All-flavour Search for Neutrinos from Dark Matter Annihilations in the Milky Way with IceCube/DeepCore
IceCube collaboration: M. G. Aartsen, K. Abraham, M. Ackermann, J., Adams, J. A. Aguilar, M. Ahlers, M. Ahrens, D. Altmann, K. Andeen, T., Anderson, I. Ansseau, G. Anton, M. Archinger, C. Arguelles, T. C. Arlen, J., Auffenberg, S. Axani, X. Bai, S. W. Barwick, V. Baum, R. Bay

TL;DR
This study uses IceCube's DeepCore detector to search for neutrinos from dark matter annihilations in the Milky Way, setting new limits on dark matter properties despite no detection.
Contribution
First all-flavour neutrino search for dark matter in the Milky Way using IceCube DeepCore, providing improved constraints on dark matter annihilation cross-section.
Findings
No neutrino excess detected, consistent with background.
Set upper limits on dark matter annihilation cross-section, improving previous results.

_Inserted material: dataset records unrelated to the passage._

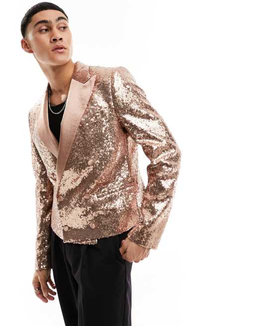 Devil's Advocate - Smalle cropped double breasted colbert met gouden lovertjes
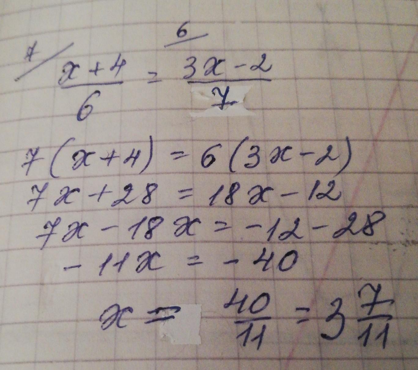 Ответ:если там во втором делят на 7 то ответ х=40/11
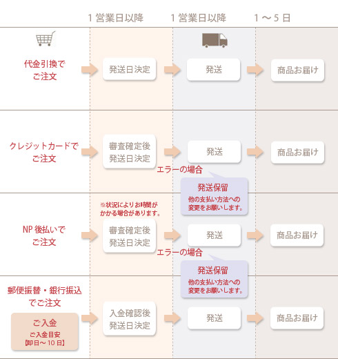 またイベント期間などご注文が混み合った場合、入金確認にお日にちをいただくためご希望日にお届け出来ない場合がございます。
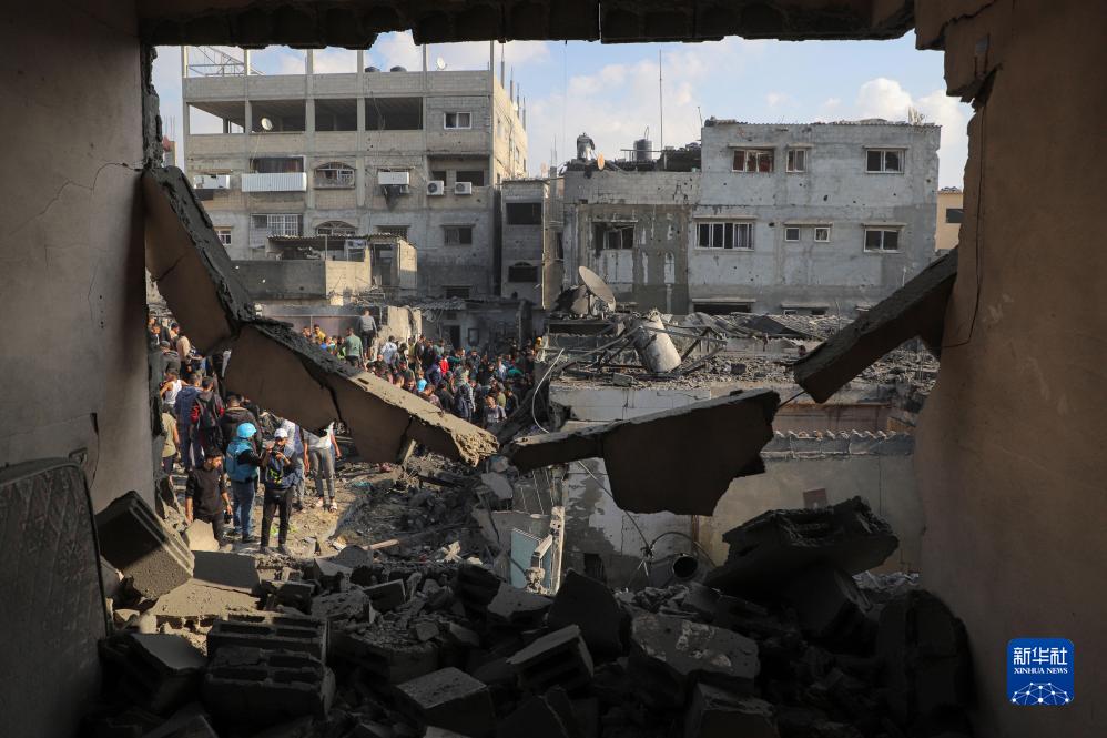 12月1日,在加沙地带南部城市汗尤尼斯,人们查看以军空袭后的废墟。

Demonstrated all-flavour searches are competitive despite cascade resolution challenges.
Abstract
We present the first IceCube search for a signal of dark matter annihilations in the Milky Way using all-flavour neutrino-induced particle cascades. The analysis focuses on the DeepCore sub-detector of IceCube, and uses the surrounding IceCube strings as a veto region in order to select starting events in the DeepCore volume. We use 329 live-days of data from IceCube operating in its 86-string configuration during 2011-2012. No neutrino excess is found, the final result being compatible with the background-only hypothesis. From this null result, we derive upper limits on the velocity-averaged self-annihilation cross-section, < \sigma_A v >, for dark matter candidate masses ranging from 30 GeV up to 10 TeV, assuming both a cuspy and a flat-cored dark matter halo profile. For dark matter masses between 200 GeV and 10 TeV, the results improve on all previous IceCube results on < \sigma_A v…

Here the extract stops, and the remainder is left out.